FAQ

  1. Why can’t I find some samples in the resulting graph?
During the process of tmap, it will drop some samples which is lack of required number of neighbors. Usually, these samples is taken as outlier or noise which is need to be obsoleted. If you are worried about the number of samples retaining in the graph, you could use the function called tmap.tda.utils.cover_ratio to calculate the cover ratio. Usually, cover ratio higher than 80% is basic need for tmap result.
  1. There are too much pairs which is significant co-enriched found in the result of coenrich. How could I choose from them?
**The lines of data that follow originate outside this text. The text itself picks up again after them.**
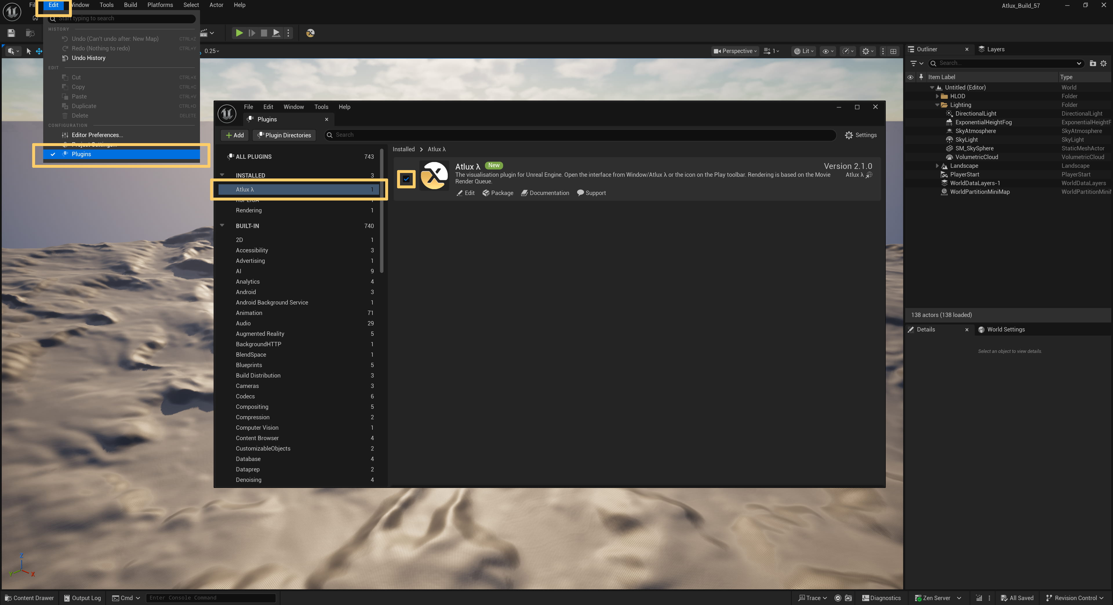 After installing the plugin via the installer or the Epic Games Launcher, go to Edit/Plugins in your project. Search for Atlux, and enable the checkbox on the left.
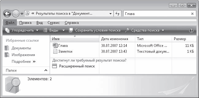 Рис. 3.10. Результат поиска файлов в папке Документы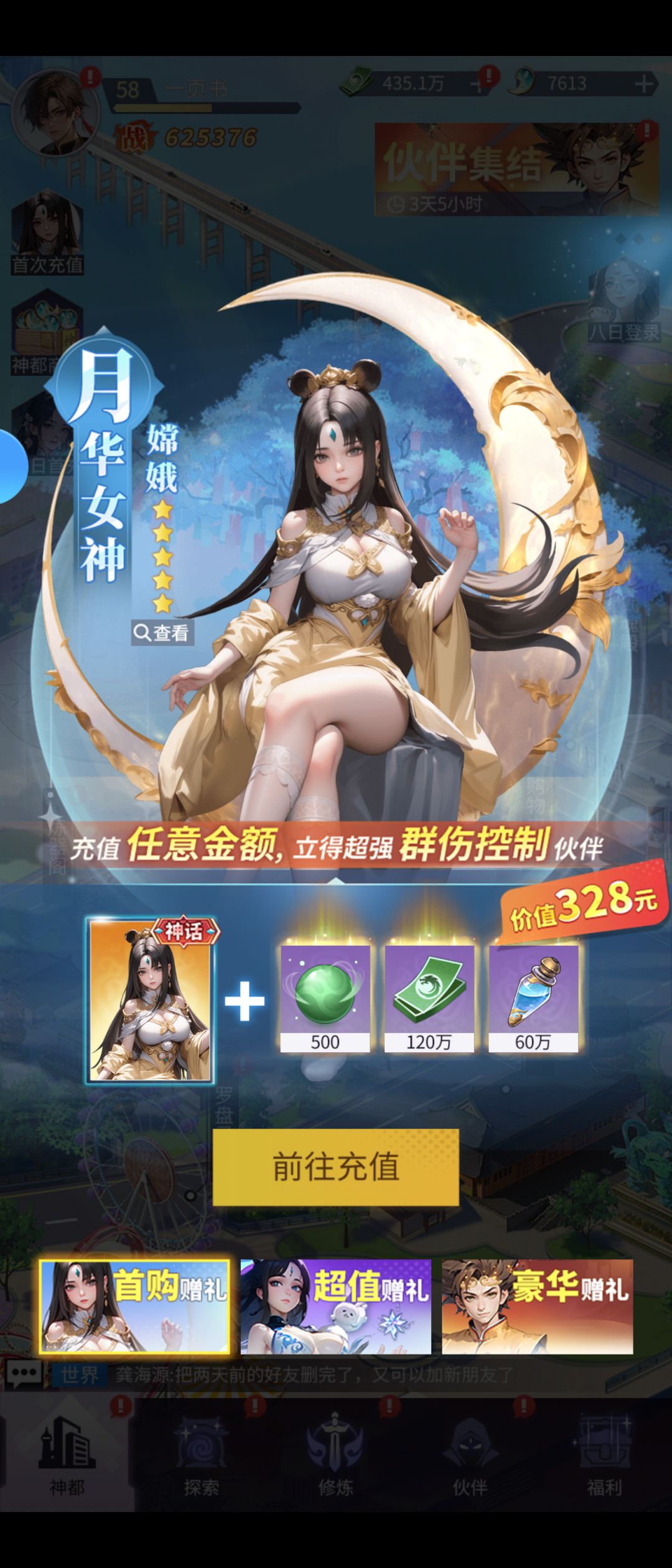 新手配队攻略和氪金思路 由于二区的福利被砍,攻略不得不做些调整 20级千抽不要乱选,一定要抽到嫦娥或者阎罗王才能选,因为前期平民能养的就只有他们两个,抽不到没关系,可以重开再选,阎罗王需要十星才能起伤害,而且十星有苛刻的前置条件,所以还是推荐开局用嫦娥当主c。 首充6元和98元可以分别获得两只嫦娥,一共三只嫦娥,这样就能升九星,阎罗王把活动做满,充值98元,免费解锁大月卡和小月卡,也能获得两只。 小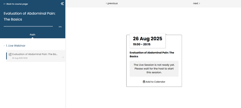 6. When the live session is ready, click on ‘Join Live Session’ to join the webinar.

In the FGFP example, it could see that it do have too much pairs found in the result of coenrich. The scores or p-value of co-enrich pairs are calculated base on the graph. Significant coenrichment is defined as pairs of features that share similar distribution along with the graph by SAFE score.

Currently, we don’t have better way to filter it again and extract more significant pairs. We could use several graphs with different parameters to find significant pairs under individual situations. We could also use p-value of coenrich to rank all pairs and extract the top.

  1. Why would I choose tmap instead of other traditional ordination analysis?

Most significantly, tmap presents a TDA network for a microbiome dataset, which has the following advantages than traditional ordination techniques:

  • TDA network captures hidden patterns of a microbiome dataset in terms of nodes and edges between them, with nodes as a group of highly similar samples, and edges as a continuity between groups of samples.
  • TDA network enables users to explore the microbiome landscape of large cohorts, especially population-scale studies, more intuitively and effectively via tmap visualization.
  • TDA network enables users to test for species enrichment and metadata association using network-based statistical analysis, as implemented in tmap.

You can go to Microbiome Examples for detailed examples of application of tmap to different microbiome datasets.

  1. What is the difference between tmap and other Mapper algorithm?
We developed tmap mainly for population-scale microbiome data analysis, although it can also be used to analyze other high dimensional dataset. tmap is unique in its network-based statistical analysis for identifying driver species and for microbiome-wide association analysis. For more details, please see How tmap work.
  1. Why are some microbiome samples missing (discarded) in the final TDA network?

tmap uses DBSCAN for clustering by default, which will drop noise samples which are lack of the required number of neighbors. Usually, these samples are taken as outlier or noise in density-based clustering analysis.

You can use tmap.tda.utils.cover_ratio to calculate how many samples were retained in the final TDA network. By using other clustering methods, such as k-means clustering, you can retain all the samples. tmap can take any other cluster method from scikit-learn (or with scikit-learn compatible APIs), although we recommend using the default DBSCAN method. For how to keep more samples in the final TDA network, you can see How to Choose Parameters in tmap for more details.